In this blog entry, Jeff LaFontsee offers a real-life instance to underscore the potentially tragic consequences of deviating from an approved set of maintenance procedures.
Let’s start with a real life story:
An aircraft required a High Pressure Shut-Off Valve (HPSOV) replacement on an on-wing engine in a line maintenance environment. The Technician assigned to the task started the work at the end of his shift and was able to remove the valve and prepare for the installation. The Technician used the accepted Aircraft Maintenance Manual (AMM) procedures for the removal, which had included the removal of four clamps to loosen adjoining ductwork to facilitate the removal. The two clamps not directly attached to the valve are located underneath adjacent ductwork, and components and are hard to get access to and were not easily seen. The ductwork and valve are a close tolerance, rigid fit and the valve and ducts remain in place without the clamps. The Technician left the work with the valve in place and the clamps uninstalled.

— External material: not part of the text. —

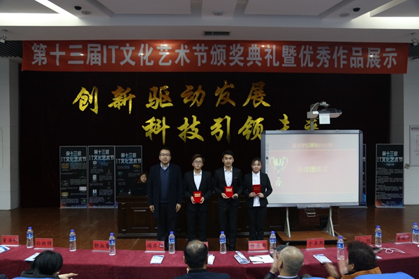 本网讯(管理科学与信息工程学院 供稿)为进一步加强学风建设,建设优良学风,增强学生的专业实践能力和创新能力,管理科学与信息工程学院举办第十三届IT文化艺术节。本次文化艺术节历时近40天,有近500名学生参加本次活动,在学生中掀起了努力学习和实践计算机知识的良好氛围,形成了奋发向上,乐学、勤思、求实、进取的优良学风。文化节于11月16日成功闭幕,参加闭幕式的嘉宾有学生工作处武装部副处长黄建东老师、招生就业处副处长竭岸杨老师、教务处副处长刘锐老师及管信学院师生代表。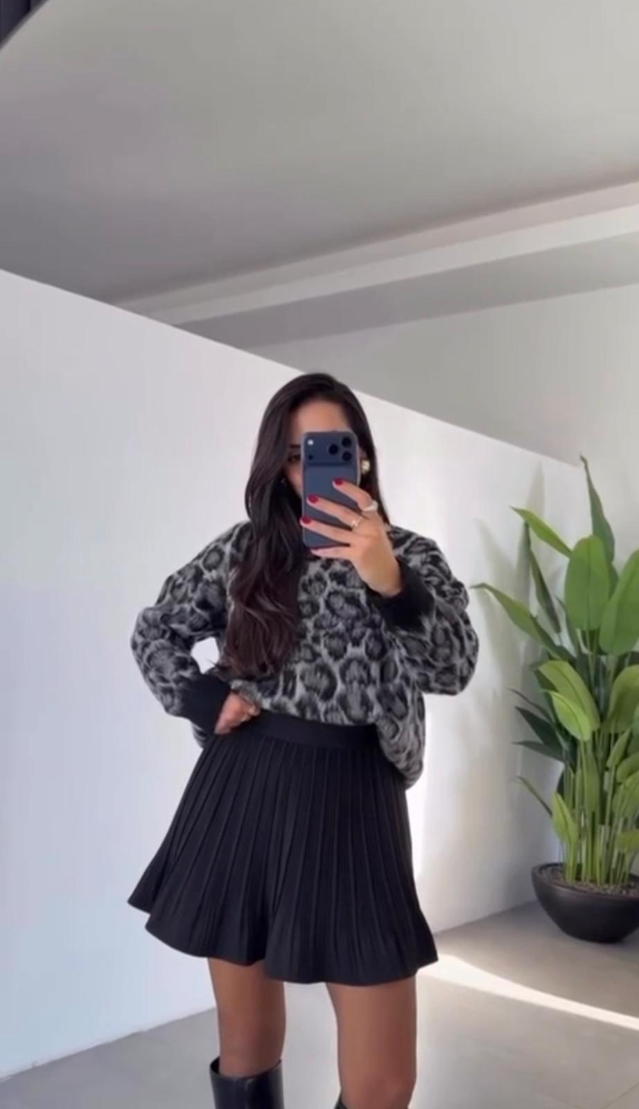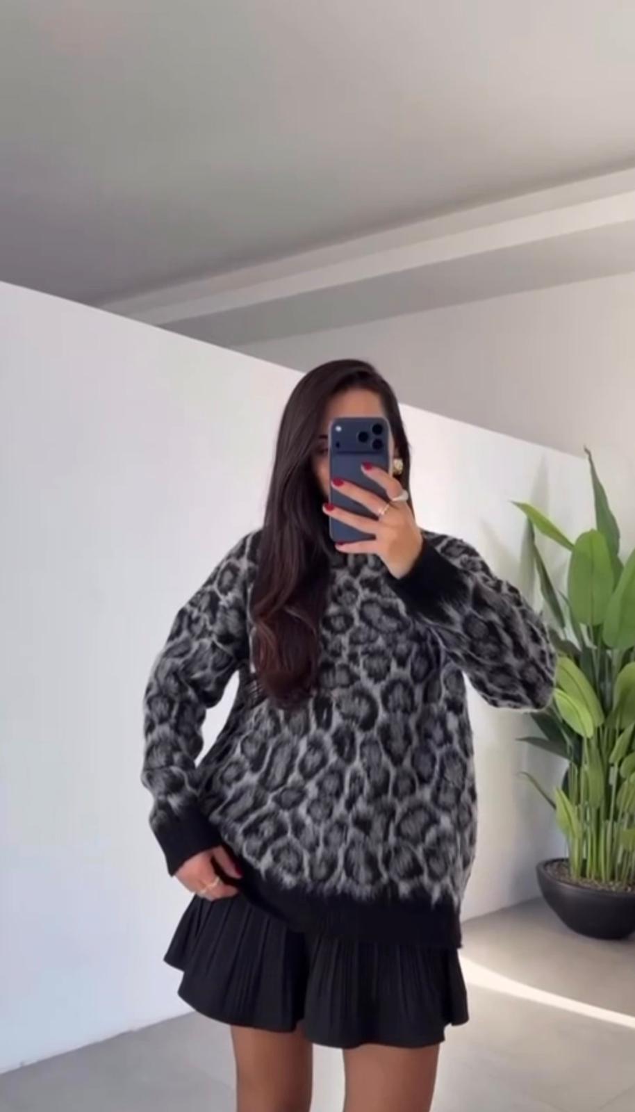 Leopar Desen Siyah Standart Beden Oversize Kazak

The status of the work was provided to the Technician on the next shift. The Technician assigned for the installation of the valve had performed the removal and installation on several occasions and used a method he learned from other Technicians that did not require the removal of two of the clamps not directly connected to the valve. This procedure deviated from the AMM.
At the start of the installation, the second Technician noticed there were four clamps, two which were in better shape than the others and made the assumption that the newer looking clamps were ordered as replacements for the others and that the other two were left installed. The second Technician did not notice the clamps missing from the installation. The Technician installed the two easily-accessible clamps connecting the valve to the ductwork, secured sense line, electrical, closed the cowl and signed off the log.
The aircraft was dispatched for flight. Following takeoff, the aircraft experienced a fire warning and immediately returned to the airport declaring an emergency. The subsequent investigation revealed that the unclamped segments of ducting separated under takeoff pressure, allowing unrestrained high pressure, hot compressor bleed air inside the cowl.
When deviating from the AMM, not only are the engineering considerations overlooked, the method to provide the partial status of a task has also been compromised.
When the Original Equipment Manufacturer (OEM) writes maintenance procedures they may understand the engineering requirements driving the procedure the procedure; but do not always understand the environment the Technician works in and may not have the same experience level in maintaining an aircraft. That being said, through proper technical vetting with engineering approval, operator experience can be applied to the procedures.
Engineering and reliability can also be affected when approved procedures are not followed. In the above situation, the valve was installed using the engine duct flange as a fulcrum to pry the replacement valve in place. The results of the stress on the flange or duct after a series of valve removals and replacements are unknown; however they could show up in a future inspection as a latent failure or possibly as a worst scenario.
To ensure consistency in the application of these procedures, the use of aircraft publications must be mandated by the operator as the standard and deviations must be approved and incorporated.
Maintenance induced errors emanating from inconsistent procedures that deviate from the approved standard can make it difficult to determine the corrective action to a reliability problem. Following approved procedures is mandatory and when they are complied with, procedural changes can be made and reliability trends can be correlated more consistently to the revised practices introduced through the revised procedure.